GIVEN RECORDS
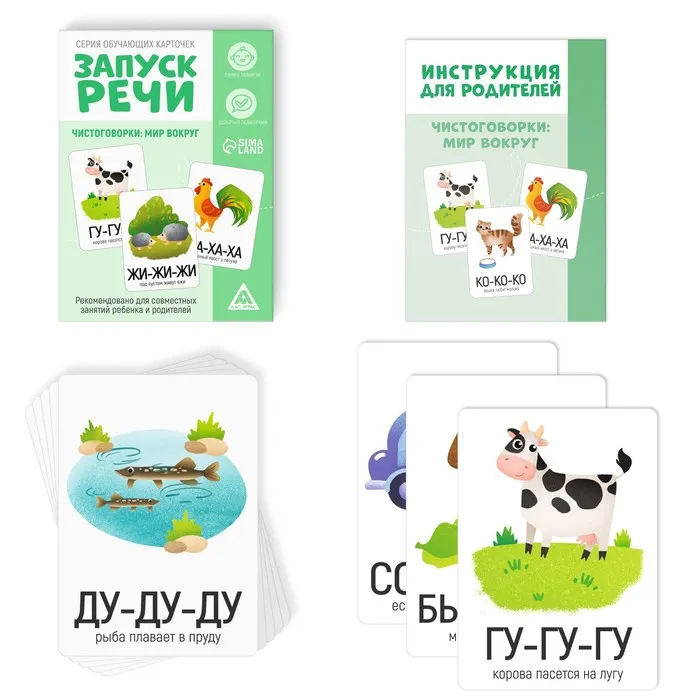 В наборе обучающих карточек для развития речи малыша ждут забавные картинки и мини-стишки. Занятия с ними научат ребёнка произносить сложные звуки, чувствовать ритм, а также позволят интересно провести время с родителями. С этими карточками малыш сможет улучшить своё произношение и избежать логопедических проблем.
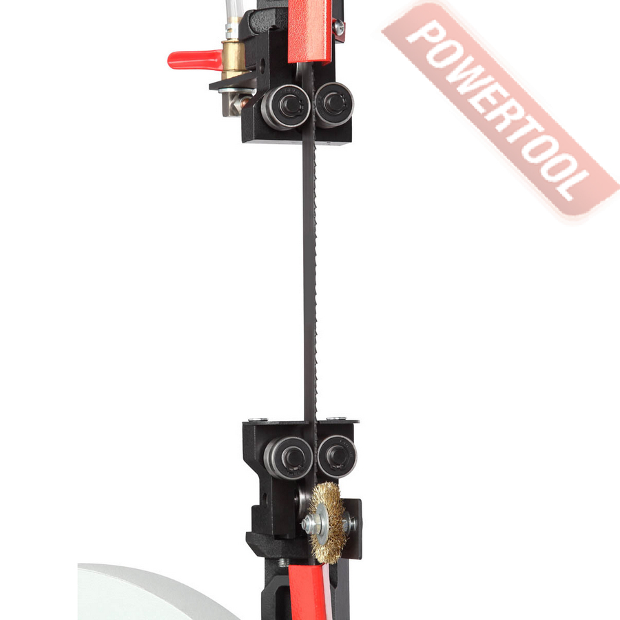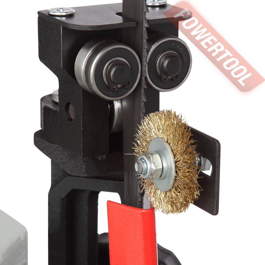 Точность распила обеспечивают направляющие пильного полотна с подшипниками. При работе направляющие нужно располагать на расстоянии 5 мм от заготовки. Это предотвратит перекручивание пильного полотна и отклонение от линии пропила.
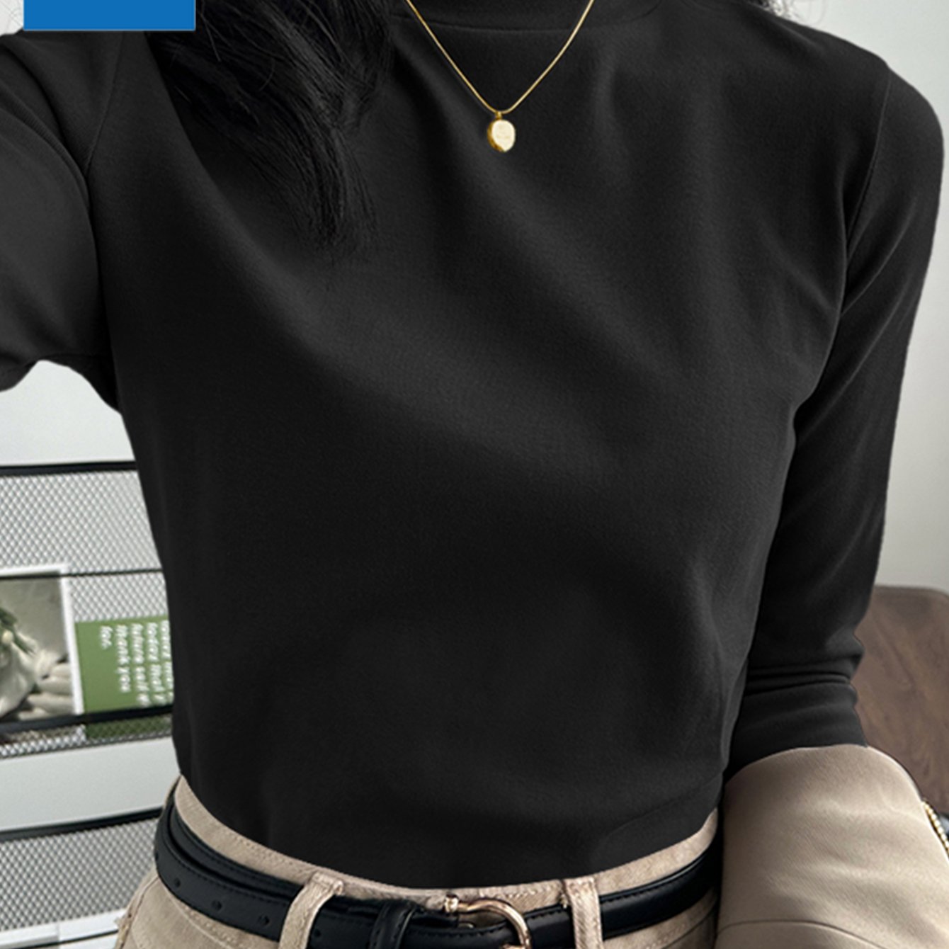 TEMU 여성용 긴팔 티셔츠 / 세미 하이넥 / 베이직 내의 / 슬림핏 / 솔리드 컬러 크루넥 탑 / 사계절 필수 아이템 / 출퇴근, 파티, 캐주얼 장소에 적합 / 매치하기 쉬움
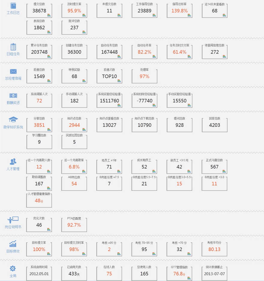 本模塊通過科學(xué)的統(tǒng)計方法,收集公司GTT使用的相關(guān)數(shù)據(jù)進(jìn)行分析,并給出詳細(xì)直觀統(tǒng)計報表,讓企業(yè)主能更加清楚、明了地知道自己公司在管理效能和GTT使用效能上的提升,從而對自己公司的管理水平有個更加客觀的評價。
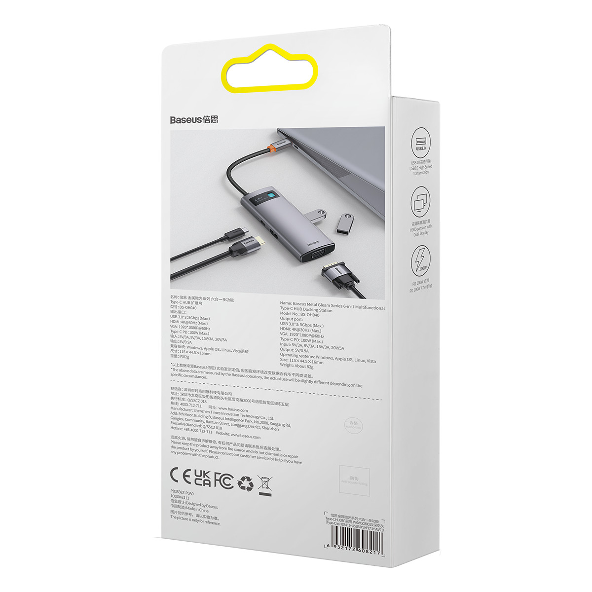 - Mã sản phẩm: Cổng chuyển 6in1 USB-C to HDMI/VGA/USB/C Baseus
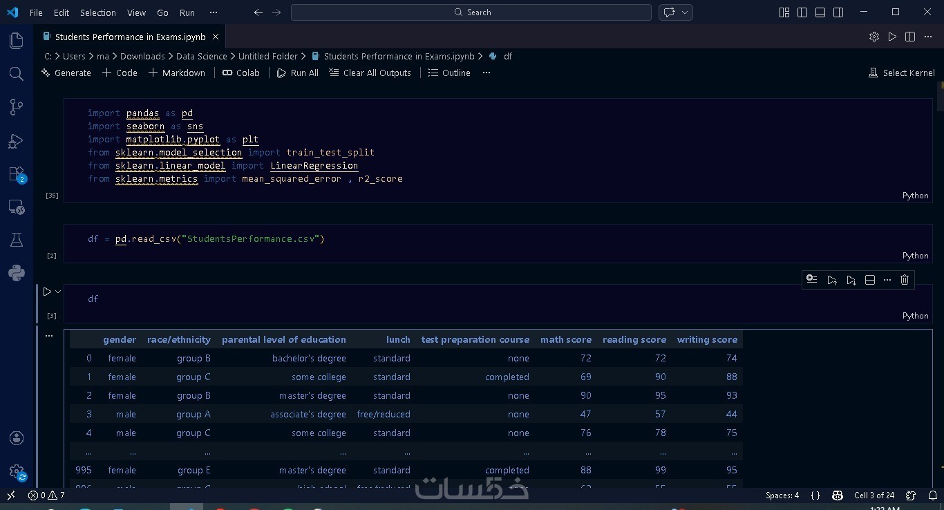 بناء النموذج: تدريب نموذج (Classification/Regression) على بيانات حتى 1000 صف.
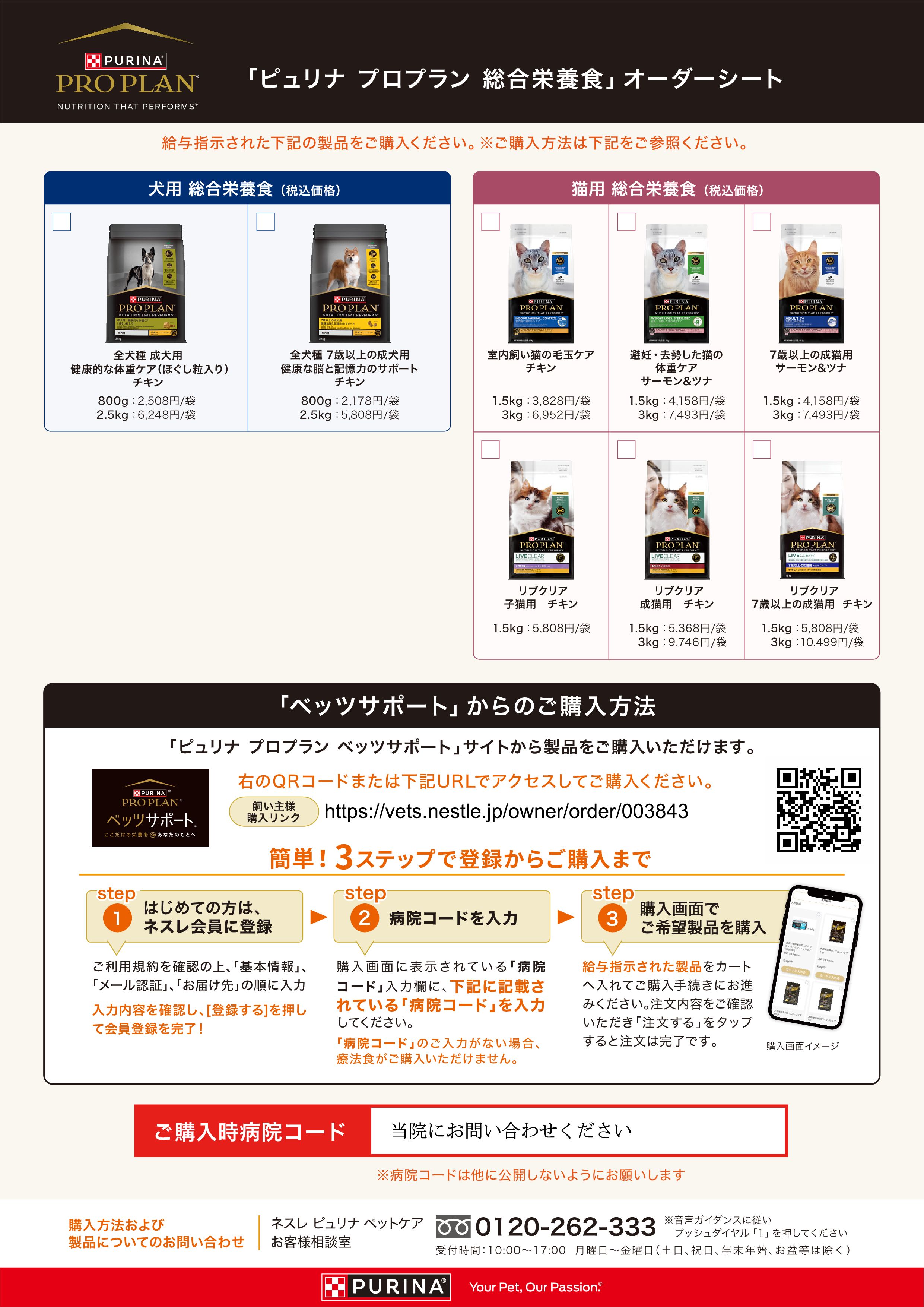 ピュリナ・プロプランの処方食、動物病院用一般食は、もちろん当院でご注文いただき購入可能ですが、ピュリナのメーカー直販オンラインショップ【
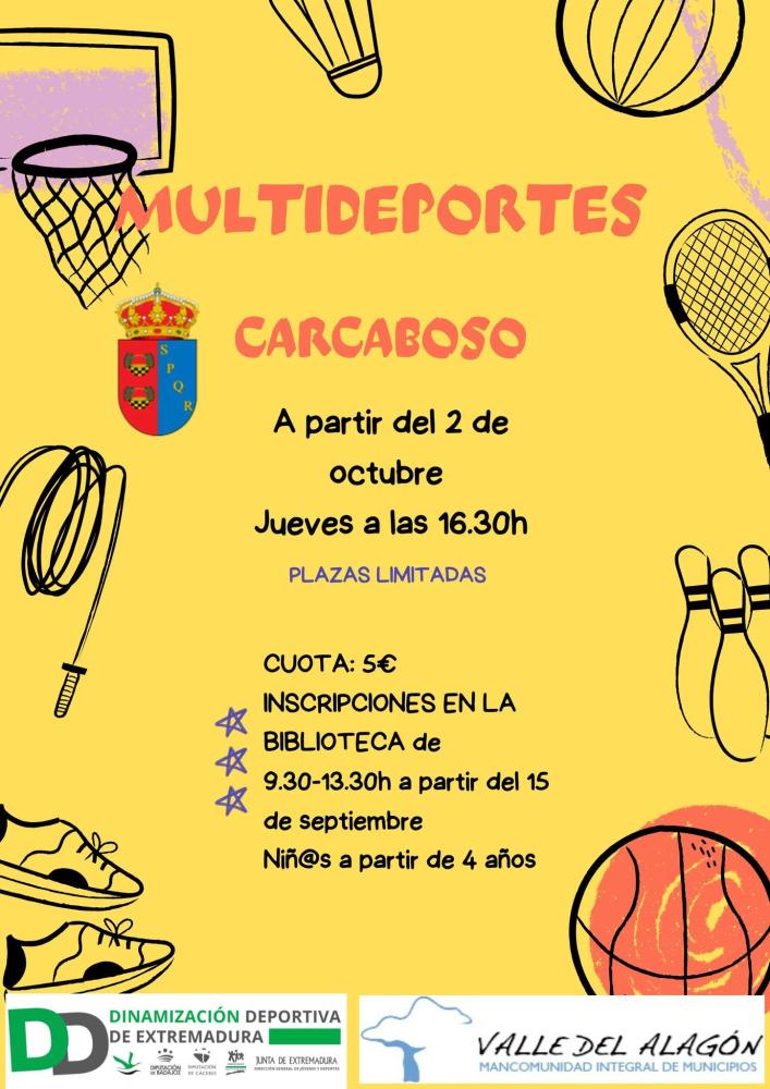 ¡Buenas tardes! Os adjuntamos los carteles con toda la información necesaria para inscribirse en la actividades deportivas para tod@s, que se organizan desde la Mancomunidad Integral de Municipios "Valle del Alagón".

ABOUT THIS EXERCISE
The result should be a transcript of the lines from the line containing "ピュリナ・プロプランの処方食" through the end of the listing above, exact, inclusive, and without pictures.

RESPONSE BOX
 ピュリナ・プロプランの処方食、動物病院用一般食は、もちろん当院でご注文いただき購入可能ですが、ピュリナのメーカー直販オンラインショップ【
 ¡Buenas tardes! Os adjuntamos los carteles con toda la información necesaria para inscribirse en la actividades deportivas para tod@s, que se organizan desde la Mancomunidad Integral de Municipios "Valle del Alagón".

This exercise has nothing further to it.